About Security Information Exchange (SIE)
The Security Information Exchange (SIE), from Farsight Security® Inc. (now a part of DomainTools), is a scalable and adaptable real-time data streaming and information sharing platform. SIE collects and provides access to more than 200,000 observations per-second of raw data from its global sensor network. Farsight also applies unique and proprietary methods for improving usability of the data, directly sharing the refined intelligence with SIE customers and DNSDB®, one of the world’s largest passive DNS (pDNS) databases.
The diverse set of data available from SIE includes the following and is relevant and useful for practitioners in various technology roles:
- Raw and processed passive DNS data
- Darknet/darkspace telescope data
- SPAM sources and URLs
- Phishing URLs and associated targeted brands
- Connection attempts from malware-infected systems (as seen by a sinkhole)
- Network traffic blocked by Intrusion Detection Systems (IDS) and firewall devices
Each unique set of data in SIE is known as a channel and the data acquired from a specific channel can be customized to meet the needs of each customer, enabling you to subscribe to and access only the channels needed to solve your problem. A channel in SIE may be the result from analyzing the data or a subset of data from other channels.
Why Passive DNS (pDNS)?
DNS is a critical component of Internet communication and almost all Internet transactions begin with a DNS query and response.
- Visiting a website? Your system uses DNS to resolve the IP address of the hostname for the website you are attempting to access
- Sending an email? Email uses DNS to resolve the IP address of the mail exchange server your message should be delivered to
DNS serves as early warning and detection solution for phishing, spam, malicious and suspicious behaviors, and other attacks. DNS intelligence is considered the only source of “ground truth” information for the Internet.
Passive DNS (pDNS) begins with raw DNS traffic that is observed and collected by passive DNS sensors and contributed to Farsight’s Security Information Exchange (SIE) by pDNS sensor operators. Once the data is sent to SIE, the data then passes through a series of processing phases:
- Deduplication: Channel 207, DNSDB Deduplicated Data
- Verification: Channel 208, DNSDB Verified Data
- Filtering: Channel 204, Processed DNS Data (which used by DNSDB)
The end result is the highest-quality and most comprehensive passive DNS database, DNSDB, of its kind-with more than 100 billion unique DNS resource records since 2010.
Farsight Security’s mission is to make the Internet a safer place. We provide security solutions that empower customers with meaningful and relevant intelligence. This information provides customers with insights about the network configuration of a threat and the surrounding network on the Internet for improving the value and impact of threat intelligence and research.

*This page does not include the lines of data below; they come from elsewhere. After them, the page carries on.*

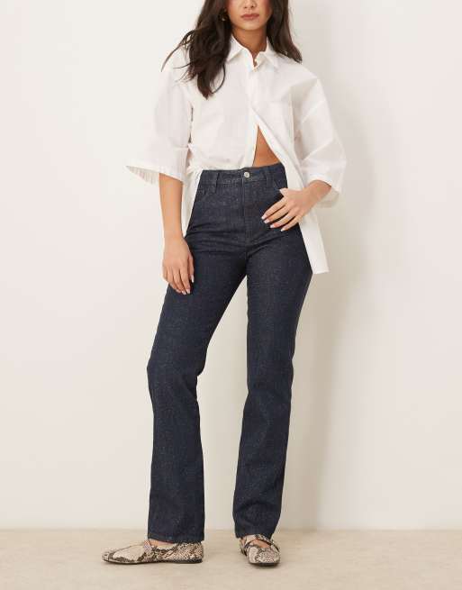 ASOS DESIGN – Blå, glittriga jeans med raka ben och 90-talsstil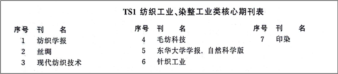 据悉,《中文核心期刊要目总览》2023年版(即第10版)从2021年10月开始研究,研究工作由北京大学图书馆主持,共32个单位的148位专家和工作人员参加了该项工作,全国各地9473位学科专家参加了核心期刊表的评审工作。经过定量筛选和专家定性评审,从我国正在出版的中文期刊中评选出1987种核心期刊。其中,2023年版纺织工业、染整工业类共评选出7种核心期刊,较2020年版减少了2种。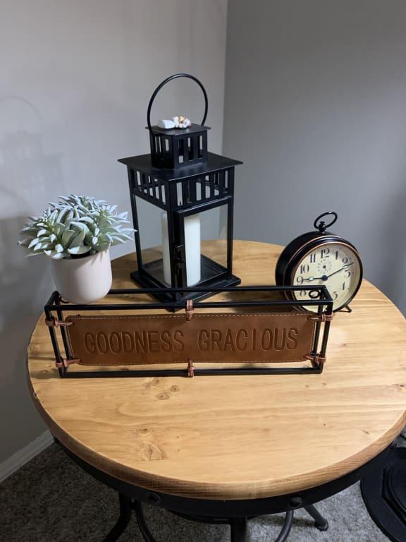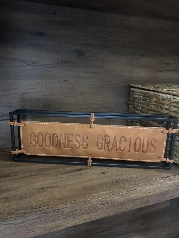 Transform any space into a delightful rustic haven with this charming metal and leather sign. Crafted with a creative saying, it brings a warm and inviting feel to any room in your home.

The Security Information Exchange (SIE), from Farsight Security Inc., is designed with privacy in mind. The passive DNS (pDNS) sensors do not collect Personally Identifiable Information (PII) from client resolvers (also known as stub) by deliberately collecting between recursive resolvers and authoritative servers.

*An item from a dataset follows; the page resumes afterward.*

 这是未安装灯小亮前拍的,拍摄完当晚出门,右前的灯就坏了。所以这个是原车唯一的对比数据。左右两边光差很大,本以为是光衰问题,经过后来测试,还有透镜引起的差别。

The data from SIE enables security professionals to accurately identify, map, and protect their networks from cybercriminal activity by providing global visibility. It provides immediate access to a real-time global sensor network without the need to develop or deploy your own data collection infrastructure.
About SIE DNS Changes
Channel 212 provides insights about unknown DNS activity, because the base domain or hostname is new, or record data about a domain or hostname has changed. These changes could include new RR types, new or changed IP addresses, or new or changed authoritative name servers.

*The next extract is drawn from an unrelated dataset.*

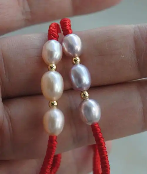 红线编织天然珍珠手链7-8mm颗粒珠玉器红绳手链的做法

When is DNS intelligence for NOH sent to channel 214?
The following narrative will inform and guide you in understanding when DNS resource record data is sent to one of the channels that tracks domain observations, creation, and changes.
- Suppose you are creating a new website. When you register a new domain for the website, that DNS registration will be sent to channel 214 DNS Changes
- When you start to create and test the website, accessing it will generate DNS requests. These DNS requests will be sent to channel 212 Newly Observed Domains (NOD) and channel 213 Newly Observed Hostnames (NOH) as the first time the domain or hostname was observed being resolved
- When you are done creating and testing the website, but before it is announced to the public and starts being used, activity on the website and associated DNS requests will stop being observed. If the duration of inactivity is more than 10 days for the domain and then a DNS request is observed, that information will be sent to channel 211 Newly Active Domains. If the duration between DNS requests is less than 10 days, it is considered active and no information is sent
For a good introduction into the opportunities and possibilities of these channels, see New (and Newly-Changed) Fully Qualified Domain Names (FQDNs): A View of Worldwide Changes to the Internet’s DNS* from Black Hat Europe, 2015
Use Cases for SIE DNS Changes
DNS Changes is an important tool to monitor the global DNS for changes that may potentially be associated with malicious activity or part of command and control (C&C) infrastructure. Actively monitoring and correlating changes related to known malicious IP addresses, name servers, domains, and hostnames in near real-time is an effective method for a layered approach to cybersecurity.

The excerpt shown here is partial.